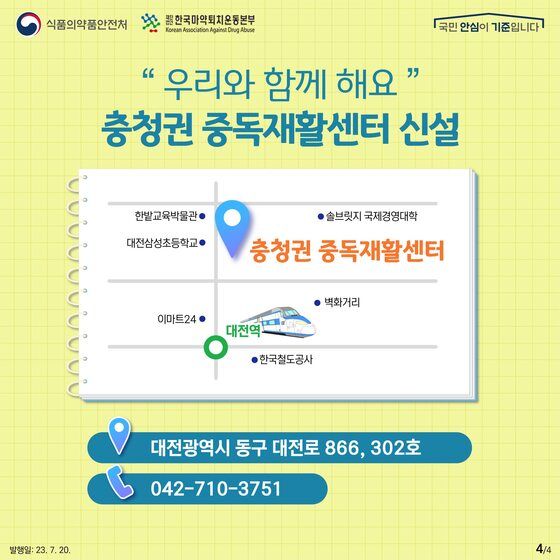 식품의약품안전처는 마약류 중독자에 중독회복관리·재활교육 프로그램 등을 제공하는 식약처 산하 한국마약퇴치운동본부 부설 충청권 마약류 중독재활센터를 대전 동구에 개소했다고 밝혔다.
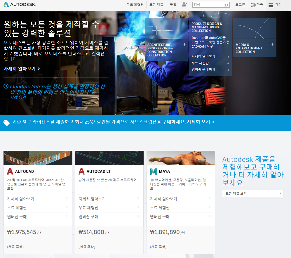 Autodesk 소프트웨어는 상상력을 현실로 창조하는 사람들을 위해 만들어졌습니다. 사람들의 이목을 끄는 고성능 자동차와 하늘 높이 우뚝 솟은 고층 건물, 혁신적인 디자인과 기능을 자랑하는 스마트폰, 그리고 명작 영화까지, 이 중 하나라도 경험해 봤다면 수백만 명의 Autodesk 고객들이 Autodesk 소프트웨어로 어떤 일을 하고 있는지 이미 경험해보신 것입니다.
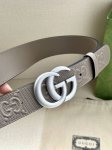 Width 4.0Cm This Gucci piece seamlessly blends the brand's past and future, reinterpreting classic design elements with a modern twist. The interwoven Guccio Gucci monogram is subtly incorporated into textures and material variations, appearing as a printed embossed pattern on the black leather of this belt. The iconic double-G buckle adds a touch of glamour to the entire design. (DDD Gg printed embossed leather DDD Palladium-toned hardware DDD Double-G buckle DDD)
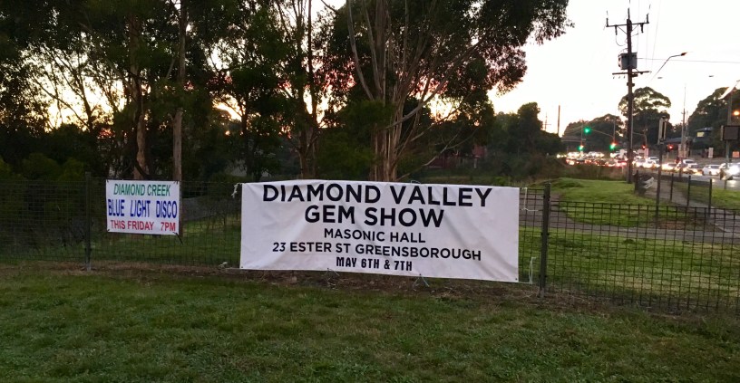 Today is a big day in the gem collecting fraternity as the annual Diamond Valley Gem Show kicked off in Greensborough this morning. Few people in the area know much about the Show, except that every year in recent memory eye-catching banners advertising the Show appear on major intersections throughout the area.
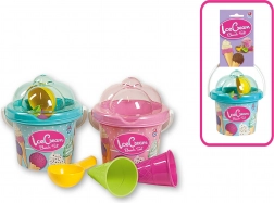Bucket with sundae-shaped lid, ice-cream scoop, 2 cones
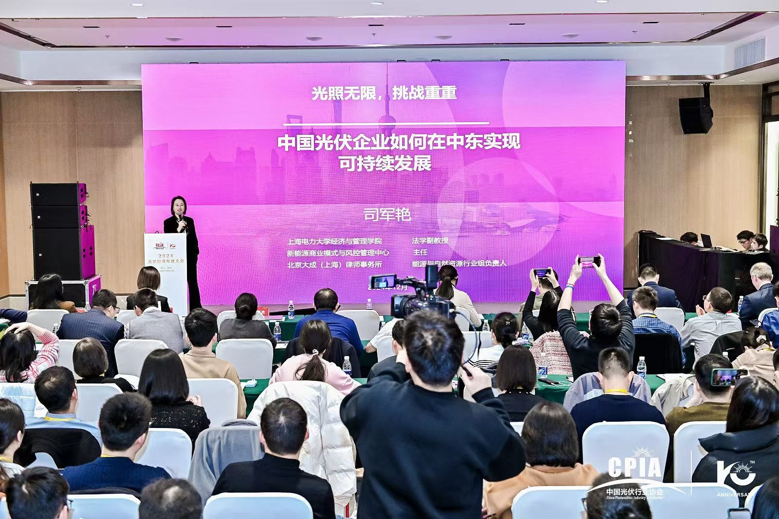 随着全球能源转型的加速,中东地区凭借其得天独厚的光照资源和积极的能源政策,正逐渐成为中国光伏企业出海的新热点。2024年12月5日,由中国光伏行业协会主办的“2024光伏行业年度大会”在四川省宜宾市举行。买球体育官方网站司军艳副教授受邀在大会“海外光伏市场分析及投资机遇研讨会”中作“光照无限,挑战重重—中国企业如何在中东实现可持续发展”主题发言。
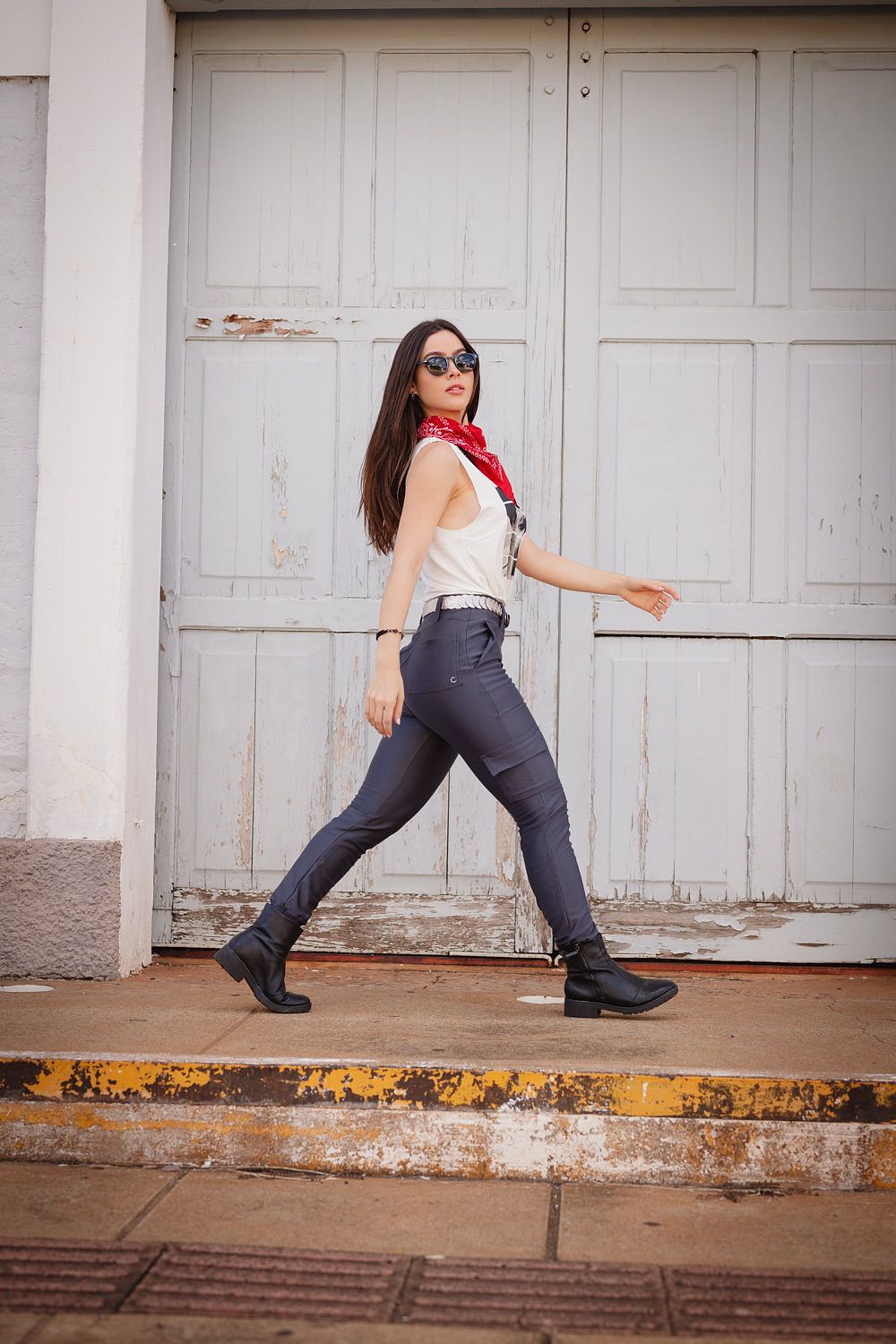 Tecido Prada encorpado com design exclusivo que une dois estilos, Jogger e Cargo, oferece estilo e conforto para a pilotagem.

* * * * * * *

**The problem:** Excluding the pictures, transcribe each entry above word for word.

**Exercise output:**
 식품의약품안전처는 마약류 중독자에 중독회복관리·재활교육 프로그램 등을 제공하는 식약처 산하 한국마약퇴치운동본부 부설 충청권 마약류 중독재활센터를 대전 동구에 개소했다고 밝혔다.
 Autodesk 소프트웨어는 상상력을 현실로 창조하는 사람들을 위해 만들어졌습니다. 사람들의 이목을 끄는 고성능 자동차와 하늘 높이 우뚝 솟은 고층 건물, 혁신적인 디자인과 기능을 자랑하는 스마트폰, 그리고 명작 영화까지, 이 중 하나라도 경험해 봤다면 수백만 명의 Autodesk 고객들이 Autodesk 소프트웨어로 어떤 일을 하고 있는지 이미 경험해보신 것입니다.
 Width 4.0Cm This Gucci piece seamlessly blends the brand's past and future, reinterpreting classic design elements with a modern twist. The interwoven Guccio Gucci monogram is subtly incorporated into textures and material variations, appearing as a printed embossed pattern on the black leather of this belt. The iconic double-G buckle adds a touch of glamour to the entire design. (DDD Gg printed embossed leather DDD Palladium-toned hardware DDD Double-G buckle DDD)
 Today is a big day in the gem collecting fraternity as the annual Diamond Valley Gem Show kicked off in Greensborough this morning. Few people in the area know much about the Show, except that every year in recent memory eye-catching banners advertising the Show appear on major intersections throughout the area.
Bucket with sundae-shaped lid, ice-cream scoop, 2 cones
 随着全球能源转型的加速,中东地区凭借其得天独厚的光照资源和积极的能源政策,正逐渐成为中国光伏企业出海的新热点。2024年12月5日,由中国光伏行业协会主办的“2024光伏行业年度大会”在四川省宜宾市举行。买球体育官方网站司军艳副教授受邀在大会“海外光伏市场分析及投资机遇研讨会”中作“光照无限,挑战重重—中国企业如何在中东实现可持续发展”主题发言。
 Tecido Prada encorpado com design exclusivo que une dois estilos, Jogger e Cargo, oferece estilo e conforto para a pilotagem.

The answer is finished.